What a health check actually examines
A useful Salesforce health check goes well beyond "is it up." It looks at whether the org still fits the business, whether the data can be trusted, and whether the people who depend on it actually use it.
- Data quality: duplicates, missing required fields, stale records, and validation gaps that quietly corrupt reporting.
- Configuration health: unused fields and page layouts, overlapping automation, conflicting flows, and technical debt that slows every future change.
- Security and access: profiles, permission sets, sharing rules, and admin access that have drifted from least-privilege over time.
- Adoption: who logs in, who updates records, and where the process has quietly moved to spreadsheets.
- Reporting and forecasting: whether dashboards reflect reality and whether leadership trusts the forecast.
- Integrations: sync health across the connected stack (marketing, ERP, Gong, billing) and where data is silently failing to move.
- AI and automation readiness: whether the data and structure are clean enough to support Agentforce and automation without scaling the mess.
A do-it-yourself checklist
You can get a rough read in an afternoon.
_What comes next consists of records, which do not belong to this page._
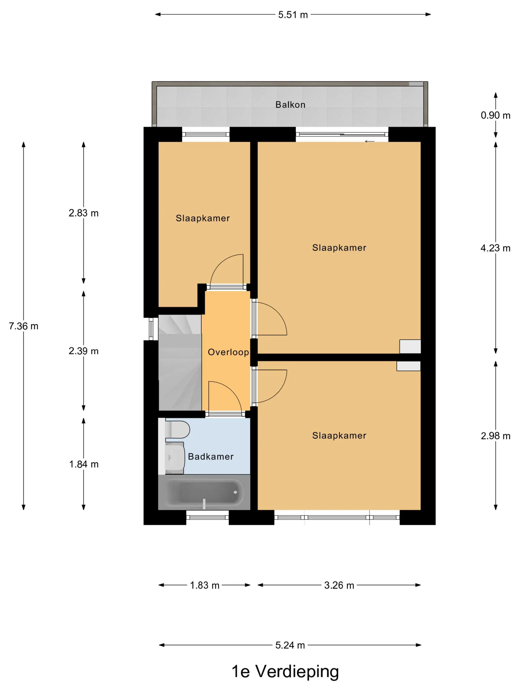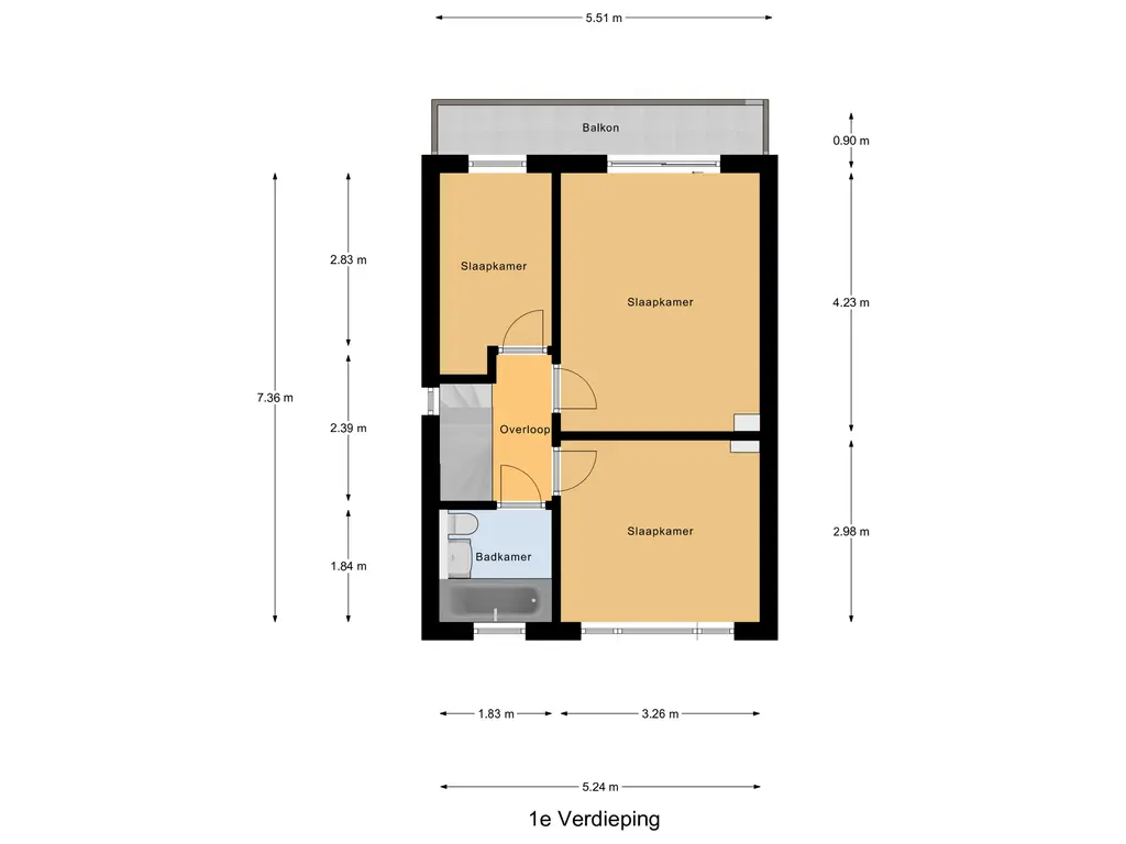 Op de eerste verdieping zorgt de overloop met zijraam en glas-in-lood voor een prettige lichtinval. Hier bevinden zich drie slaapkamers. De ruime hoofdslaapkamer aan de achterzijde beschikt over een schuifpui naar het balkon. Daarnaast is er een royale slaapkamer aan de voorzijde en een derde slaapkamer aan de achterzijde. De badkamer is simpel uitgevoerd met ligbad, wastafel en toilet.
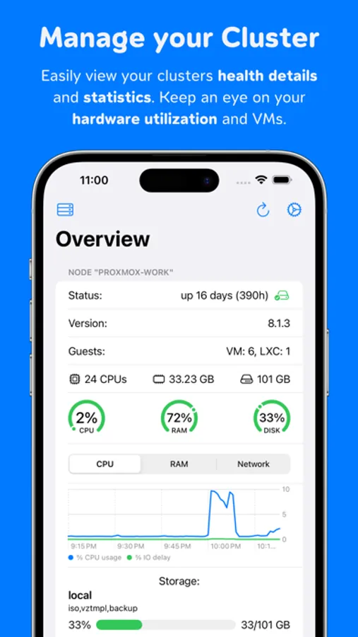 With ProxMate you get a quick and easy overview of your Proxmox cluster, servers and guests.
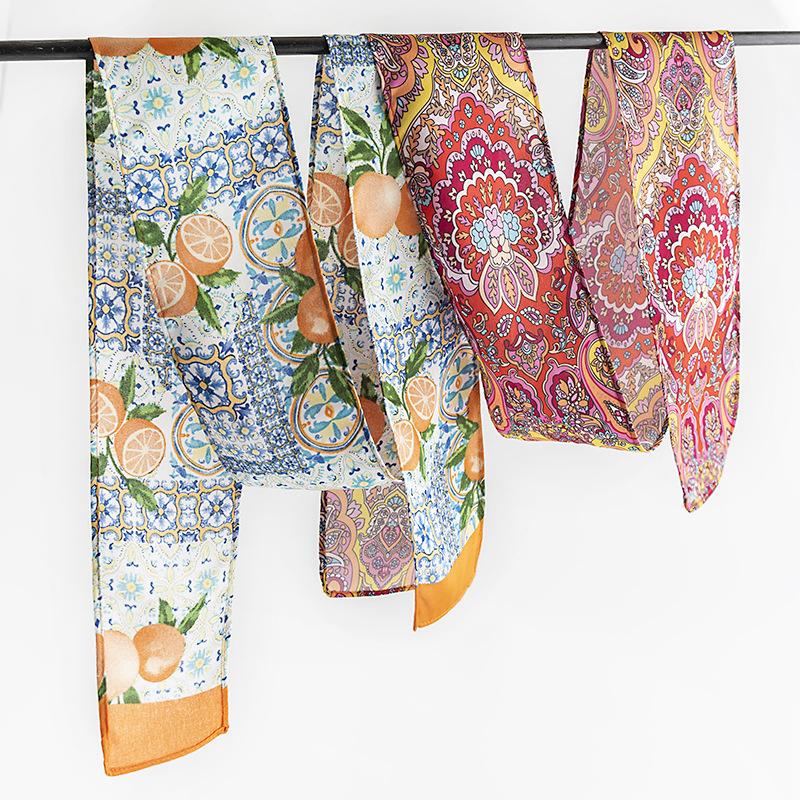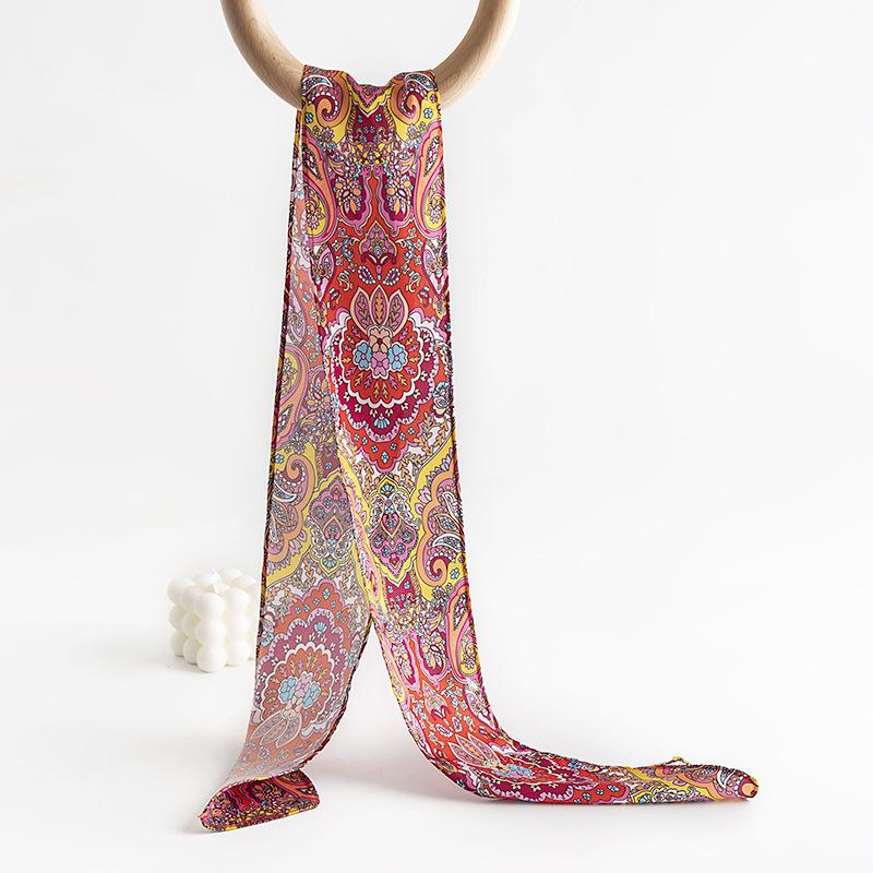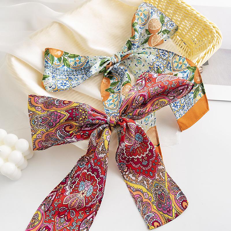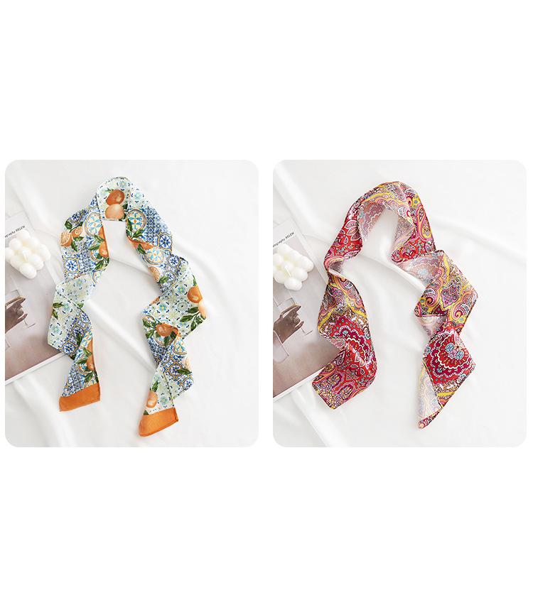 Bufanda Larga de Seda Simulada Nueva de Alta Gama para Mujer Primavera Nueva Estampada Versátil Cinta Bufanda de Seda Estilo Coreano de Alta Gama

Pull these and look for the obvious red flags.
- Run a duplicate report on accounts, contacts, and leads. More than a few percent is a problem.
- Count custom fields per object and how many are actually populated. Lots of empty fields signal scope creep.
- List active flows, process builders, and triggers. Multiple automations on the same object are a reliability risk.
- Check login frequency by team. Low logins among the people who should live in the CRM is an adoption alarm.
- Ask three leaders if they trust the forecast. If the answer is no, the data model or the process needs work.
How to score what you find
A finding only matters if you can act on it. As you work through the org, sort each issue by how much it hurts and how hard it is to fix. That single step turns a long, demoralizing list into a plan.
- Critical: actively corrupting data or blocking adoption right now. Duplicate accounts feeding the forecast, a broken integration silently dropping records, an automation writing bad values. Fix these first.
- High: not on fire today, but compounding. Overlapping flows, permission sprawl, and unused customizations that make every future change slower and riskier.
- Moderate: friction and clutter. Stale fields, unused reports, and layouts that confuse new users. Worth cleaning up in batches.
- Low: cosmetic or nice-to-have. Track it, but do not let it crowd out the work that moves the number.
What good actually looks like
It helps to know the target. A healthy org is not one with the most features turned on. It is one where the data is trusted, the automation is understood, and the people who depend on it use it without fighting it.
- Duplicate rates are low and there is a rule preventing new ones, not just periodic cleanup.
- Every automation on an object is documented and has a clear owner. No one is afraid to change a flow.
- Access follows least privilege, and admin rights are limited to the people who actually administer.
- The teams who should live in the CRM log in daily and update records in the system, not in side spreadsheets.
- Leadership trusts the dashboards enough to run the business off them.
From findings to a roadmap
The output of a health check should be a sequenced plan, not a 60-page audit no one reads. Group the critical and high items into a first phase with clear before-and-after measures, schedule the moderate cleanup into normal admin cycles, and decide explicitly what you are choosing not to do. The goal is momentum: a handful of fixes that rebuild trust in the system, followed by a steady cadence that keeps it healthy.